October 21, 2010.  This day stained my mind and my heart.  My appointment with the Perinatal specialists was at 1:45 PM.  I was 12.5 weeks into my 3rd pregnancy and excited to soon be "out of the 1rst Trimester woods" so-to-speak.  I'd been experiencing a lot of nausea and acid indigestion and really having a rough time making it through most days.  I tried to eat something bland for lunch so my stomach wouldn't revolt during my 2-hour long appointment.  My boys, Sammy (age 5.5) and Benny (almost 3) would eat lunch with Daddy while I was at my appointment. 

The purpose of this appointment was an in-depth ultrasound that is usually done around 12 weeks or so of pregnancy.  I'd had 3 ultrasounds already and no problems.  Baby's heartbeat looked great.  No problems.  First round of bloodwork all looked great.  I'm new to the 40-year old club, healthy and so excited to be pregnant with our 3rd child.

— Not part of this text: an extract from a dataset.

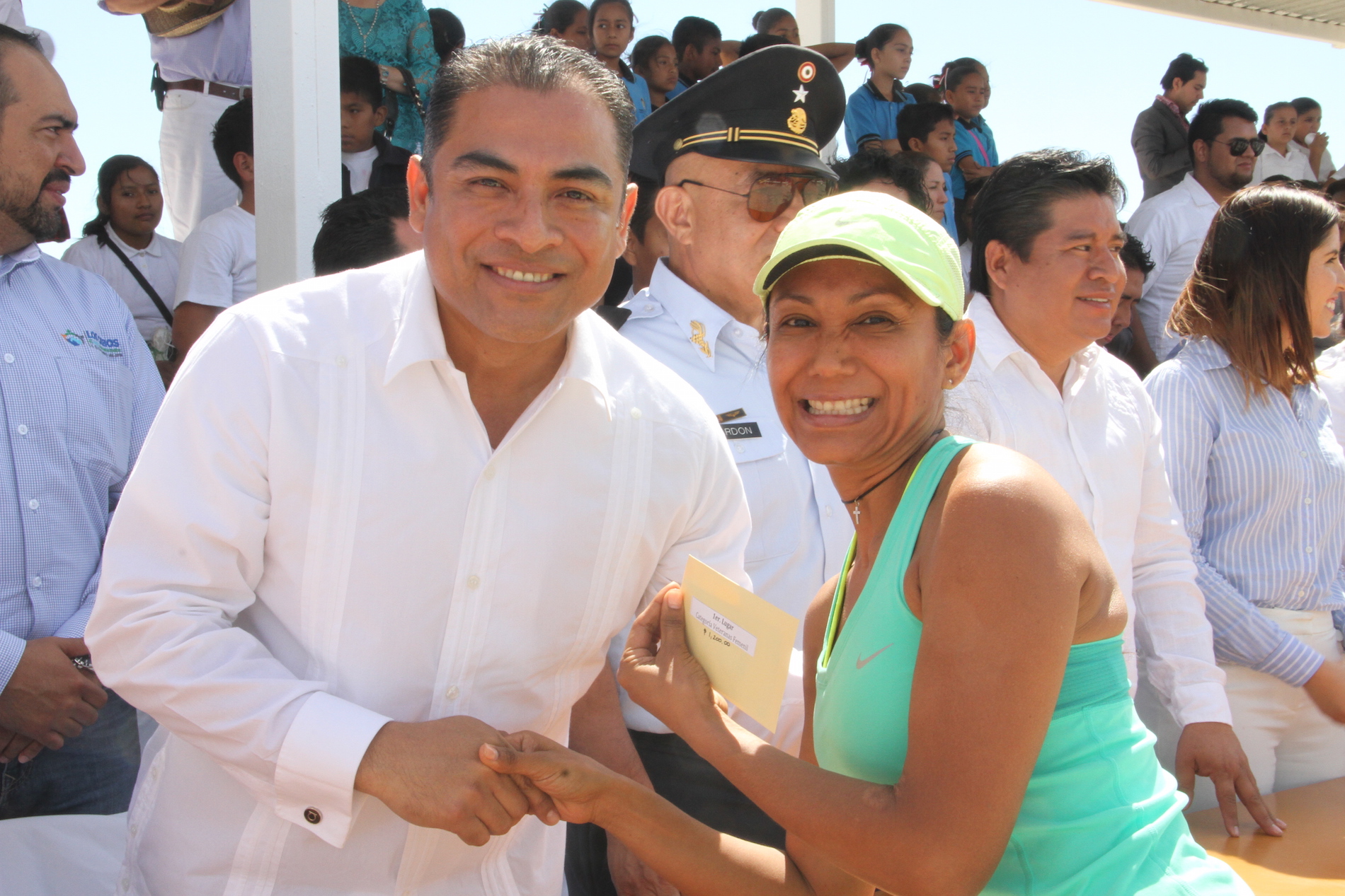 Los Cabos, B.C.S.- Dentro de las festividades que organizó el XII Ayuntamiento de Los Cabos con motivo al Mes de la Bandera Nacional, se llevó a cabo la Carrera Pedestre denominada “Ascenso al Cerro de la Bandera”, en Buena Vista, delegación de Santiago; correspondiéndole al Alcalde Arturo De la Rosa Escalante y autoridades municipales entregar los premios en efectivo a los ganadores de los 3 primeros lugares.

For the first 40 minutes of my appointment, I sat through an interview with the genetic counselor.  Even though I'd had a neucco-screen before with my previous pregnancy, I hadn't ever heard of all of the facts my counselor threw out. She asked all sorts of family questions--our backgrounds, our family medical history, etc.  We had nothing to report--I guess our histories were pretty standard, nothing earth-shattering to share.  I even had my husband Alex, call his parents the night prior so he could find out if there were any cases of birth defects in his family.  Since he was taking the boys to lunch and then coming back for the ultrasound portion of the appointment, I did my homework ahead of time. 

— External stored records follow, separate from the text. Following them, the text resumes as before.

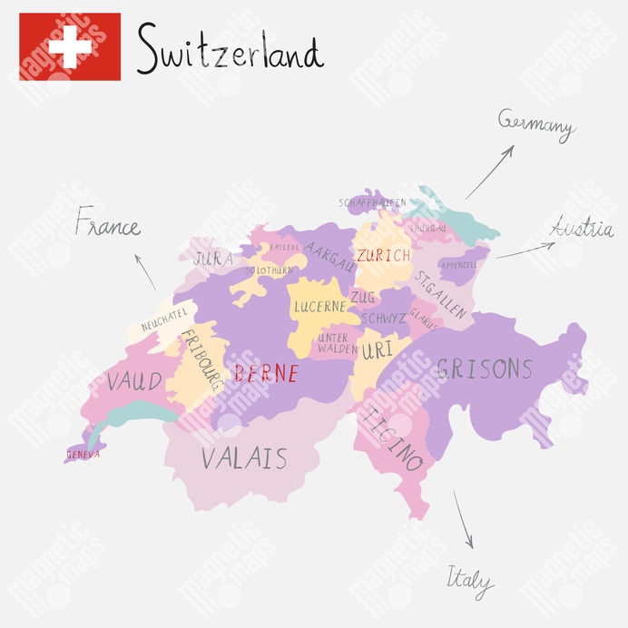 Magnetická mapa Švajčiarska, ilustrovaná, farebná
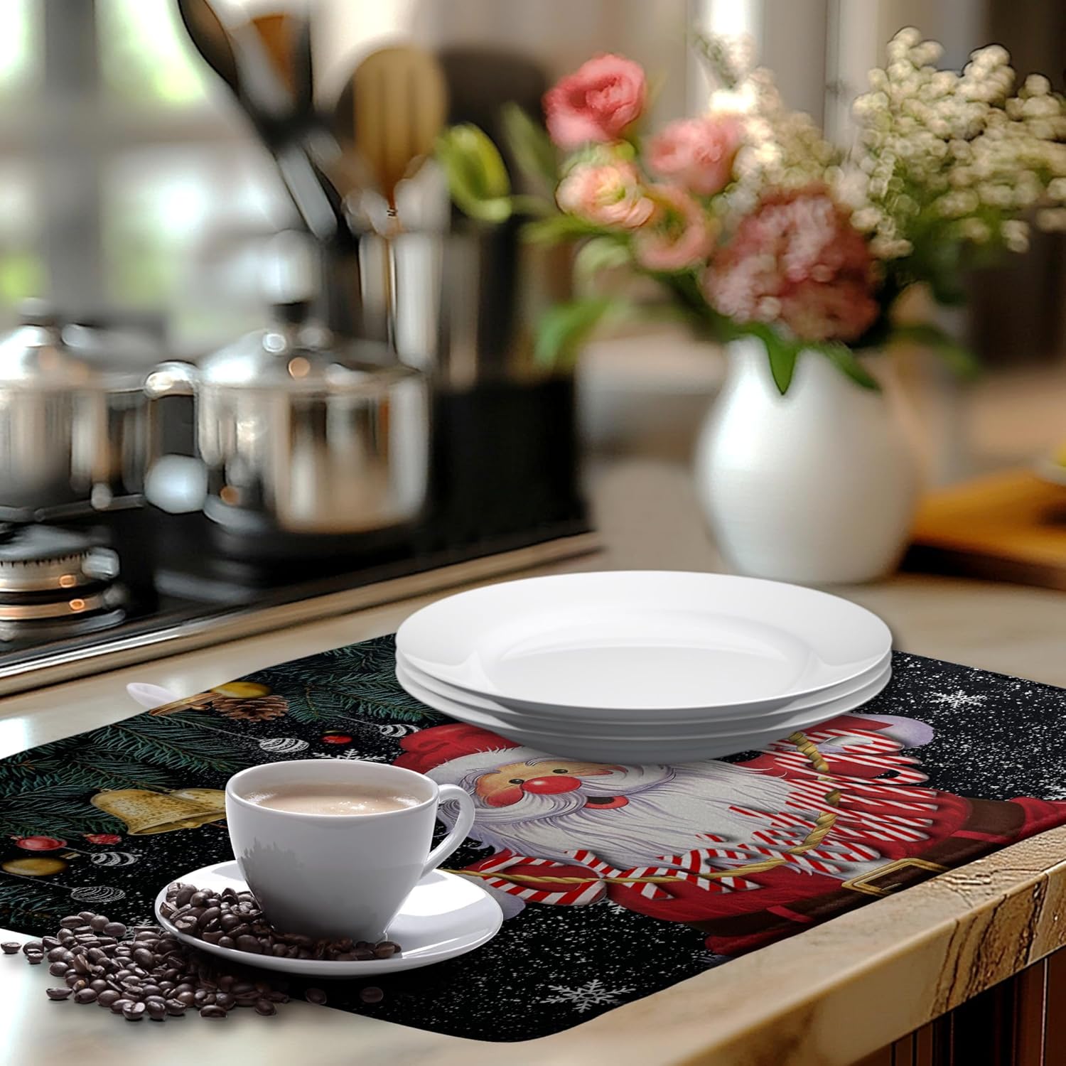 Christmas Santa Claus Dish Drying Mat Winter Drying Dish Mat for Kitchen Countertops Xmas Dish Dryer Mat Microfiber Dishes Drainer Pad Dish Drying Pad (18x24 in)
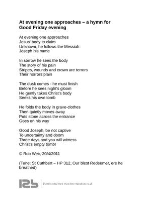 At evening one approaches – a hymn for Good Friday evening
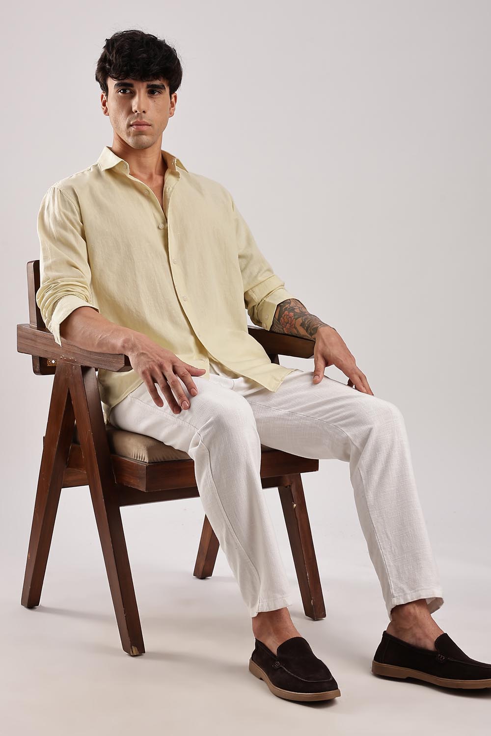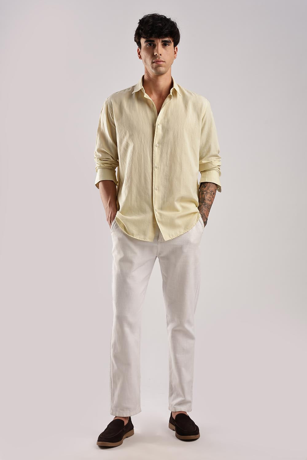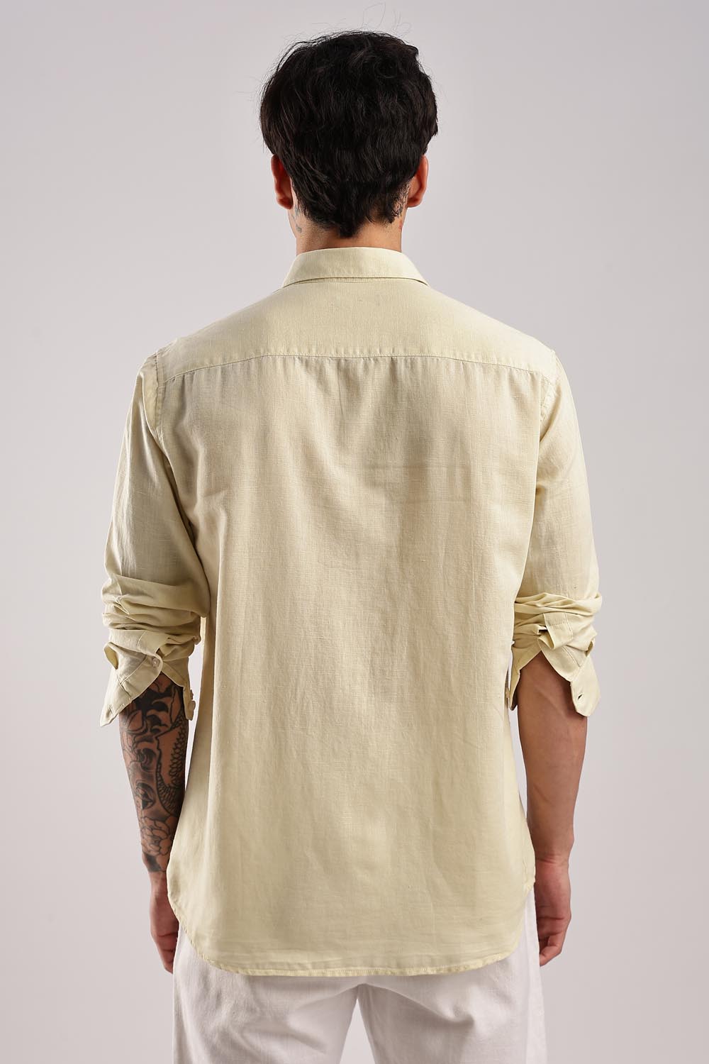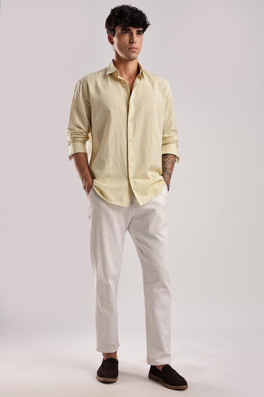 Elevate your wardrobe with the understated elegance of our Yellow Linen Blend Shirt. Designed for those who value timeless style, it embodies the quiet luxury of heritage craftsmanship

After answering a gazillion questions--"Do you do drugs?"  "No."  "Do you drink?"  "No."  "Is there any chance you and your husband could be related?"  (Guess you never know what they'll ask!)  "No, ma'am," the counselor started explaining what they would be looking for in the ultrasound--measuring the thickness behind the baby's neck.  A certain level of thickness could indicate that the baby may have Down's Syndrome, or Trisomy 21.  I really was fascinated with her explanations of how the chromosomes come together and split to make the baby.  Even though part of me was a nervous wreck inside, I tried to ask intelligent questions and to remember what she told me. 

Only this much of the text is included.